> Work task
Please reproduce all of the listing below exactly and drop its images.

> Extracted material
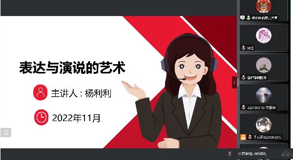 2022年11月5日下午,自慰A片 团委组织部举办了团委、学生会新成员培训班第三讲--表达与演说的艺术。此次培训采取线上宣讲的模式,邀请了国家三级心理咨询师杨利利老师来为自慰A片 团委、学生会的新成员进行表达方面的培训。
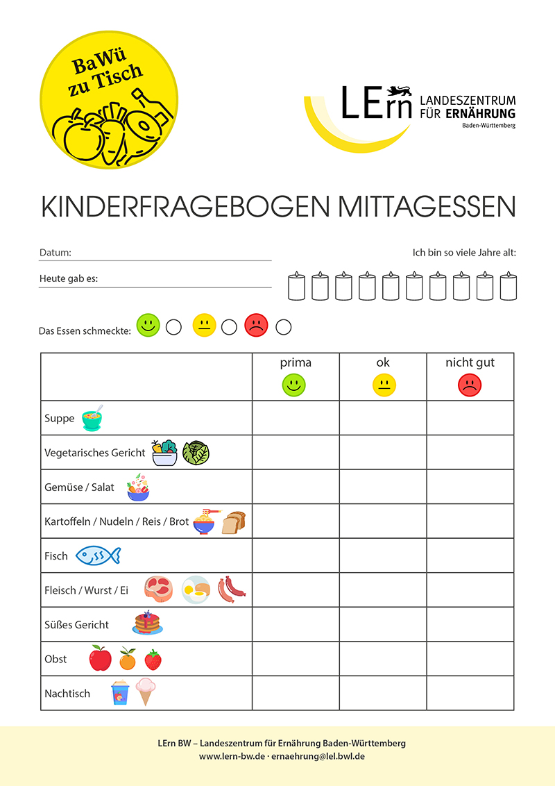 Wie schmeckt das Mittagessen in der Kita? Der Kinderfragebogen Mittagessen bietet Kindern die Chance das Mittagessen mitzugestalten.
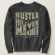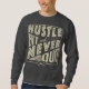 ¡Camisas de hockey sobre hierba en estilos disponibles para hombres, mujeres y niños! El texto dice: Hustle, Hit And Never Quit, con un icono cruzado de bastones de hockey sobre hierba.
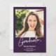 A modern, simple white on purple graduate script brush with 2 photos graduation announcement. Add your message at the back.
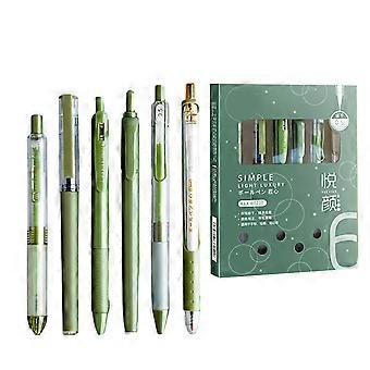 6Pcs Class Writing Pen Set with Retractable Gel Pen Retractable Highlighters Liquid Rolling Ball Pen Smooth to Write malachite green
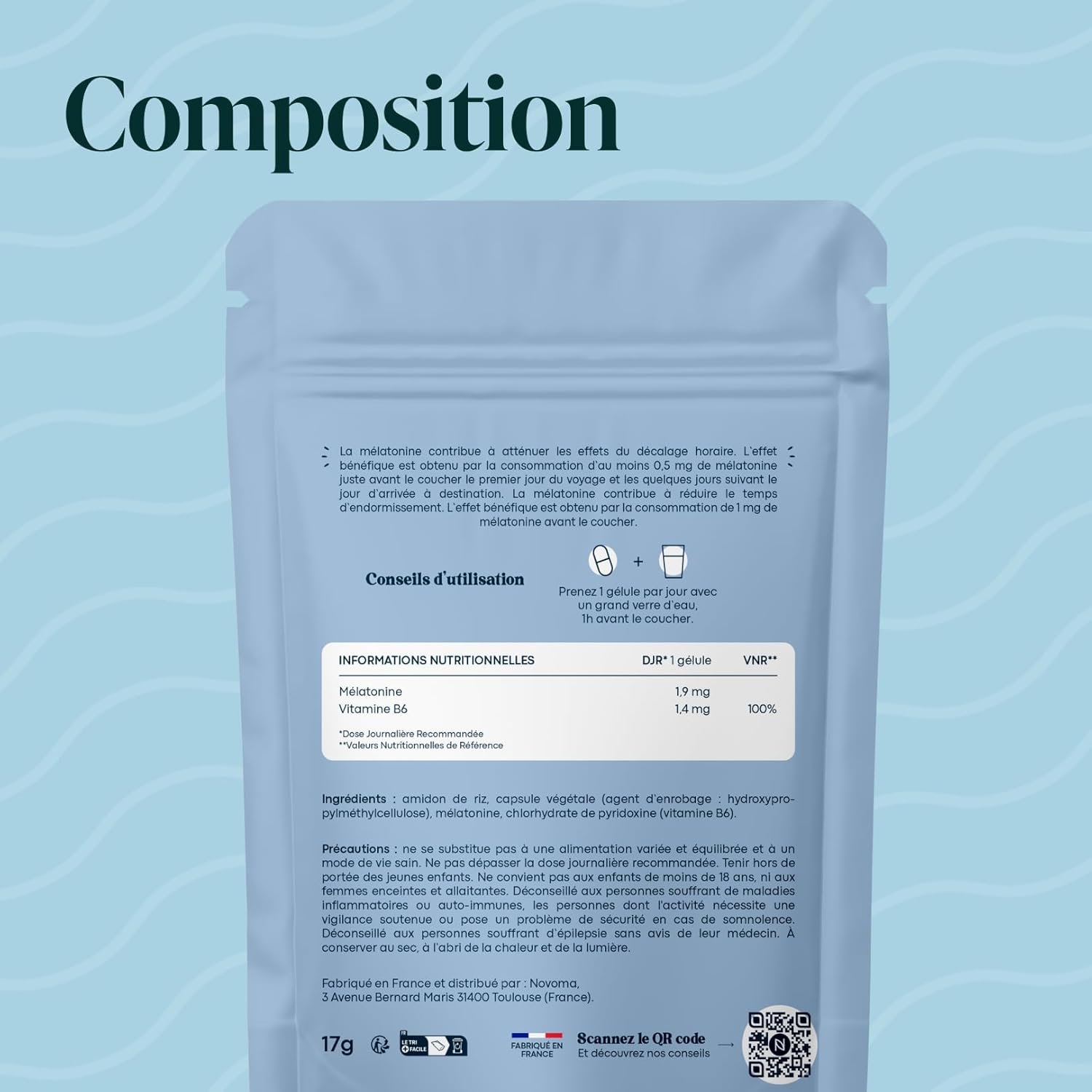Melatonin 1.9mg, Fast Sleep, Natural Sleep & Jet Lag, 2 Month Cure, 60 Vegetable Capsules, Dietary Supplement for Better Sleep, Made in France, Essentials by Novoma
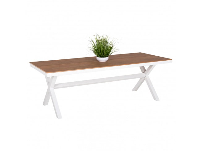 Το TAWNEE είναι ένα μεγάλο ορθογώνιο τραπέζι για εξωτερικούς χώρους με σκελετό αλουμινίου σε χιαστί διάταξη ποδιών που συνδέονται με μια μπάρα αλουμινίου και έχει ΛΕΥΚΟ χρώμα.
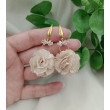 Kolczyki kwiaty beżowe ecru na wesele ślub
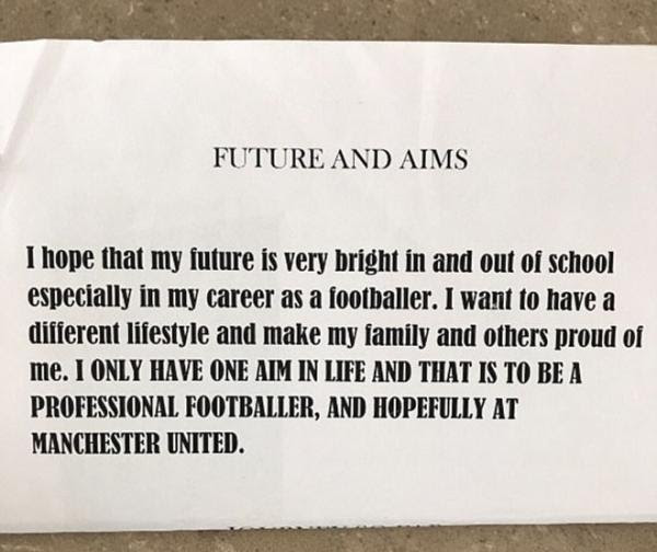 Rashford cũng đăng kèm ảnh chụp mẩu giấy viết về kỳ vọng tương lai ở thời điểm tám năm trước: "Tôi hy vọng có tương lai sáng sủa cả trong và ngoài trường học, đặc biệt là sự nghiệp cầu thủ. Tôi muốn có cách sống khác biệt, đồng thời khiến gia đình và những người khác tự hào về mình. Tôi chỉ có một mục tiêu trong cuộc sống là trở thành cầu thủ chuyên nghiệp và hy vọng được chơi cho Man Utd".

> Response below
 2022年11月5日下午,自慰A片 团委组织部举办了团委、学生会新成员培训班第三讲--表达与演说的艺术。此次培训采取线上宣讲的模式,邀请了国家三级心理咨询师杨利利老师来为自慰A片 团委、学生会的新成员进行表达方面的培训。
 Wie schmeckt das Mittagessen in der Kita? Der Kinderfragebogen Mittagessen bietet Kindern die Chance das Mittagessen mitzugestalten.
 ¡Camisas de hockey sobre hierba en estilos disponibles para hombres, mujeres y niños! El texto dice: Hustle, Hit And Never Quit, con un icono cruzado de bastones de hockey sobre hierba.
 A modern, simple white on purple graduate script brush with 2 photos graduation announcement. Add your message at the back.
 6Pcs Class Writing Pen Set with Retractable Gel Pen Retractable Highlighters Liquid Rolling Ball Pen Smooth to Write malachite green
Melatonin 1.9mg, Fast Sleep, Natural Sleep & Jet Lag, 2 Month Cure, 60 Vegetable Capsules, Dietary Supplement for Better Sleep, Made in France, Essentials by Novoma
 Το TAWNEE είναι ένα μεγάλο ορθογώνιο τραπέζι για εξωτερικούς χώρους με σκελετό αλουμινίου σε χιαστί διάταξη ποδιών που συνδέονται με μια μπάρα αλουμινίου και έχει ΛΕΥΚΟ χρώμα.
 Kolczyki kwiaty beżowe ecru na wesele ślub
 Rashford cũng đăng kèm ảnh chụp mẩu giấy viết về kỳ vọng tương lai ở thời điểm tám năm trước: "Tôi hy vọng có tương lai sáng sủa cả trong và ngoài trường học, đặc biệt là sự nghiệp cầu thủ. Tôi muốn có cách sống khác biệt, đồng thời khiến gia đình và những người khác tự hào về mình. Tôi chỉ có một mục tiêu trong cuộc sống là trở thành cầu thủ chuyên nghiệp và hy vọng được chơi cho Man Utd".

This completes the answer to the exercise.